June did not cry.
Not in the rehearsal hall. Not in the corridor. Not when she turned her back to the glass door and walked away as if she had seen nothing at all.
She only felt the heat.
That slow, humiliating heat that rises from your chest to your face when your pride realizes it has been touched. Not even attacked. Just touched.
And somehow that felt worse.
She made it to the stairwell before she finally exhaled. The air came out like it had been trapped behind her ribs for hours. Her hands were steady when she gripped the railing, but inside her mind something kept replaying in a loop.
Kitty and XH by the courtyard pillar.The way his posture softened.The way her voice looked quiet, like it belonged to him.
June pressed her palm against the cool cement wall and shut her eyes.
It's nothing, she told herself.It's a conversation.It's air.It's a break.
But her mind, cruel and precise, returned with its own answer.

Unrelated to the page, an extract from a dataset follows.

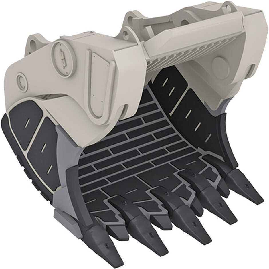 Durch ihre Form lassen sich größtmögliche Materialmengen mit reduziertem Haftwiderstand aufnehmen und entleeren. Scharfe Zähne und eine optimale Kraftübertragung vom Kasten zum Messer durch schwere und tiefe Seitenschneiden sollen dafür sorgen, dass die Löffel selbst in härteste Bodenschichten leicht eindringen. Darüber hinaus verfügt der Reißlöffel über einen extrem weit nach vorne gezogenen Mittelzahn, der ähnlich wie ein Reißzahn fungiert. Einen reibungslosen Aushub stellt der sich nach hinten verjüngende Löffelkorpus durch einen optimalen Freischnitt sicher.

Then why did it feel like the whole hall went silent?
She opened her eyes.
She could still pretend.
She was good at pretending.
June walked out of the stairwell like someone who had simply remembered she left something inside. Her steps were even. Her face composed. Her mouth neutral.

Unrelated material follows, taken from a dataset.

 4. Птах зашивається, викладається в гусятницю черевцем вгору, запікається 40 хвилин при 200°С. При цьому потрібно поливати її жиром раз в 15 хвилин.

Every time she passed a reflective surface, she checked herself without looking like she was checking.
No redness. No trembling. No betrayal.
Good.
She returned to the hall and sat, posture straight, notes open in front of her. She nodded when the instructor called the next candidate. She applauded politely at the right moments, hands moving at the right speed.
She did everything right.
And still, her mind kept circling the same question, like a tongue pressing at a sore tooth.
Why does it matter to me?
Because you care, her heart answered quietly.Because you're terrified, her pride snapped back.Because you can't control it, her fear whispered.
June's phone buzzed.
A group chat message from NC: "Everyone breathe. We're still alive."

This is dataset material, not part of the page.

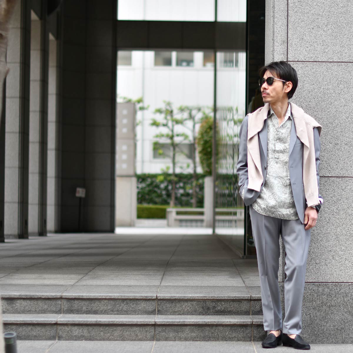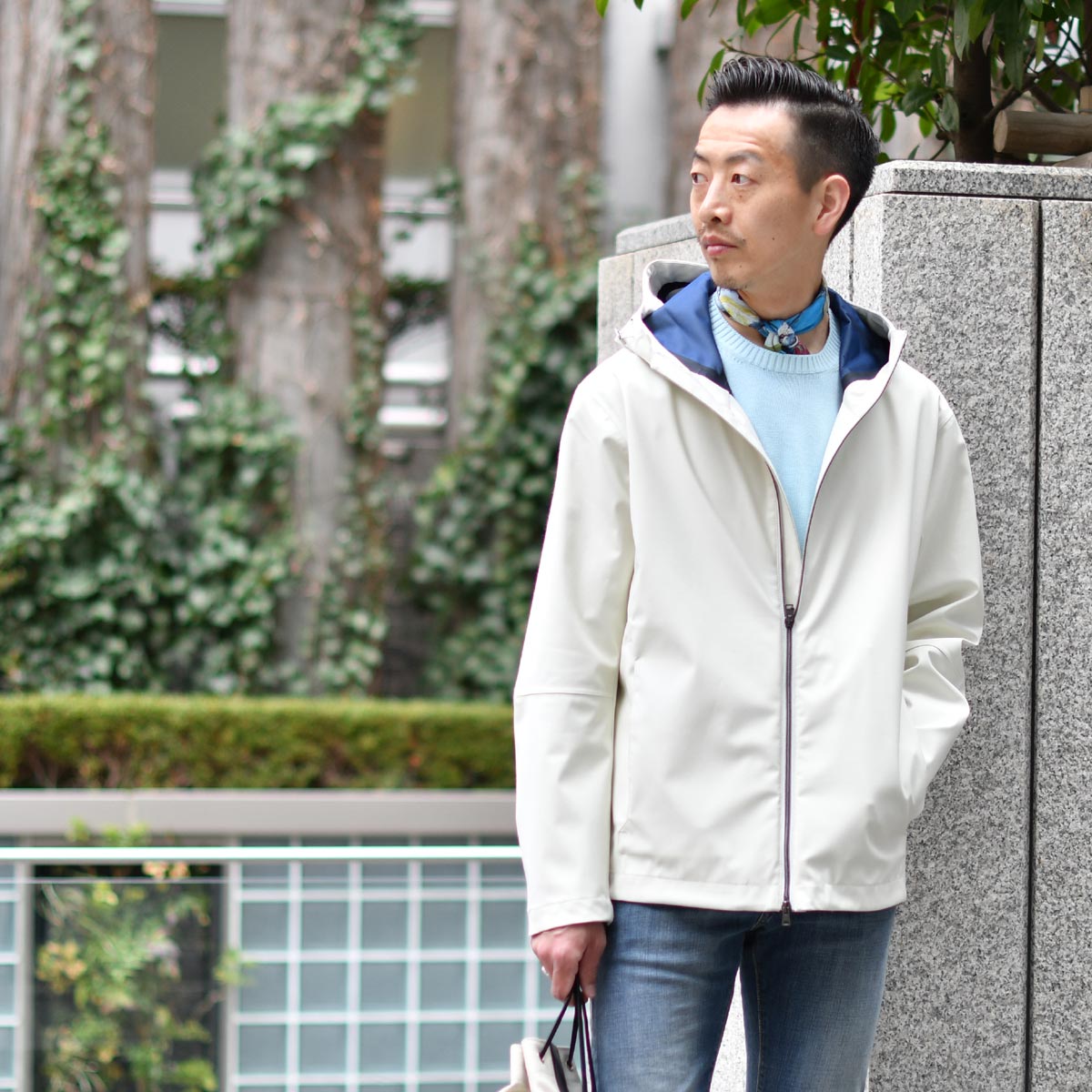 ということで本日は秋冬スーツの上から、軽いアウターを羽織った春ミックス!

June typed back quickly before she could hesitate.
"Focus. Don't get distracted. People want you distracted."
The moment she sent it, she regretted it.
Not because it was wrong.
Because it was too true.
And because she knew Kitty would read it and feel it like a warning aimed straight at her chest.
June stared at the message until the screen dimmed.
Then she set her phone down and forced herself to watch the stage again.
She refused to look at the courtyard door.
Later, on the walk back
June left rehearsal with the polite exhaustion of someone who had spent hours acting calm. Outside, campus felt colder. The sky hung low, heavy with gray.
Still no rain.
June walked faster than she needed to. She told herself it was because she had things to do. Notes to revise. Outfit planning. Scholarship requirements to revisit.
But she knew the truth.
She was running from her own thoughts.
At the corner near the student center, she saw the crowd.
Not a big crowd. Just a cluster of students huddled around a phone, laughing, murmuring, reacting like they were watching something entertaining.
June didn't stop.
She didn't need to.
She already knew what it was.
Queen Selection updates.
Her name. Kitty's name. Candidate gossip.
Everything turned into a story within minutes.
As she passed, someone's voice rose a little too loudly.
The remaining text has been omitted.